● **The task**: Starting at the line below that contains "로커리 분수 거실 어항" and ending at the line that contains "- The Routes", retype each line exactly as it stands, but omit the pictures.

*** Data listing Section Begins ***

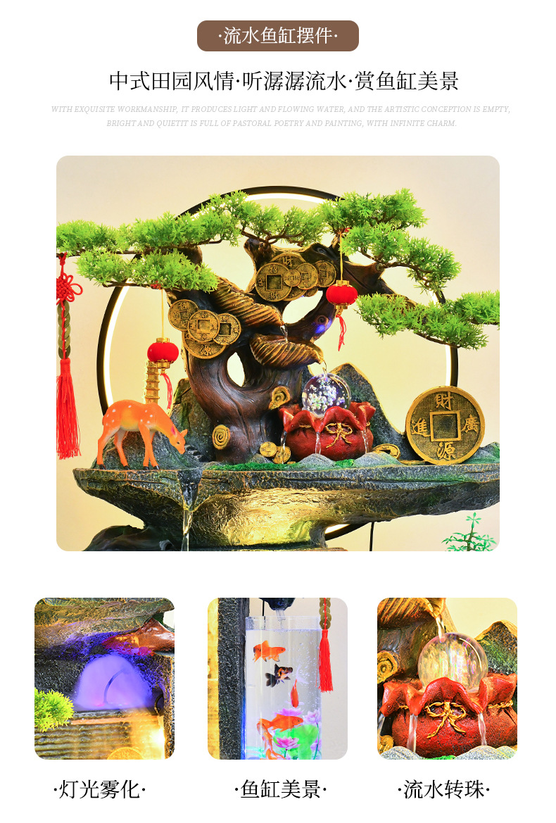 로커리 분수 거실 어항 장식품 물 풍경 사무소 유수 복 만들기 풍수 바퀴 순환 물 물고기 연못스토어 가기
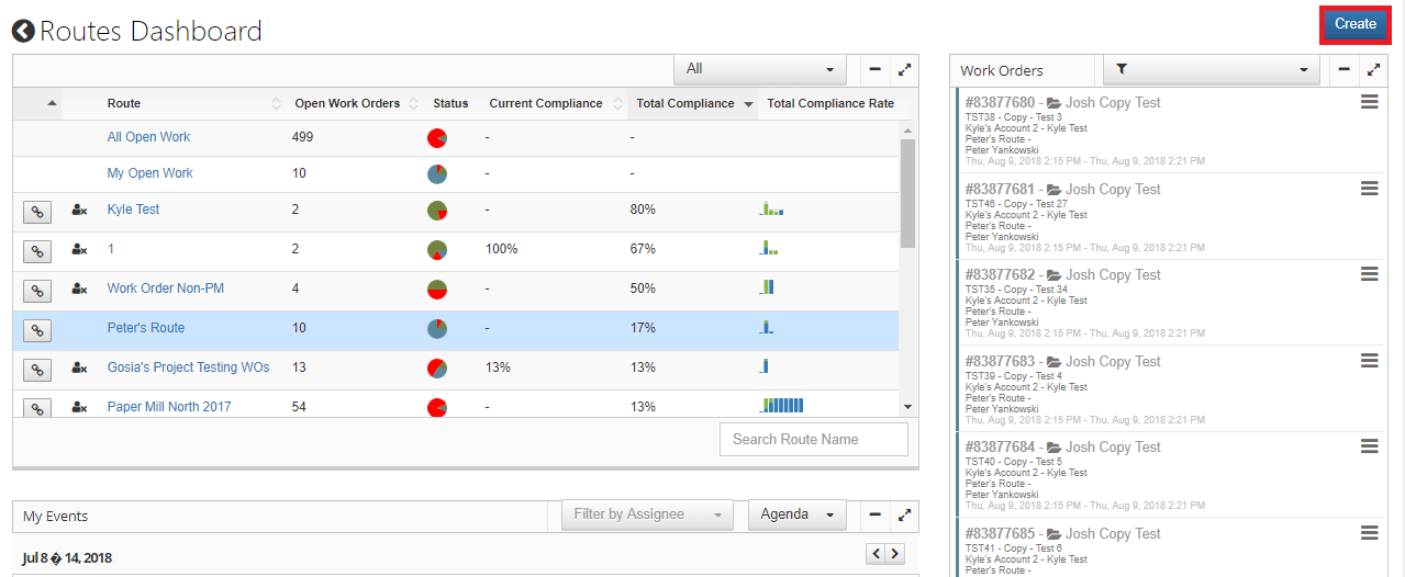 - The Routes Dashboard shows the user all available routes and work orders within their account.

*** Data listing Section Ends ***
*** Data listing Section Begins ***

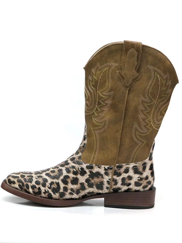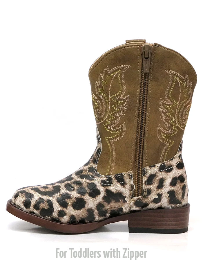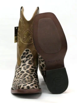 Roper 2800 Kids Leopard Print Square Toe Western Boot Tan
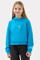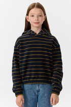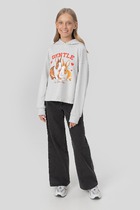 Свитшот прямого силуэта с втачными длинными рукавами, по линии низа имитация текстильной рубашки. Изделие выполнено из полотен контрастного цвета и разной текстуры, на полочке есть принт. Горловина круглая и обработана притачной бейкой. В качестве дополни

*** Data listing Section Ends ***

● **Answer below**:
 로커리 분수 거실 어항 장식품 물 풍경 사무소 유수 복 만들기 풍수 바퀴 순환 물 물고기 연못스토어 가기
 - The Routes Dashboard shows the user all available routes and work orders within their account.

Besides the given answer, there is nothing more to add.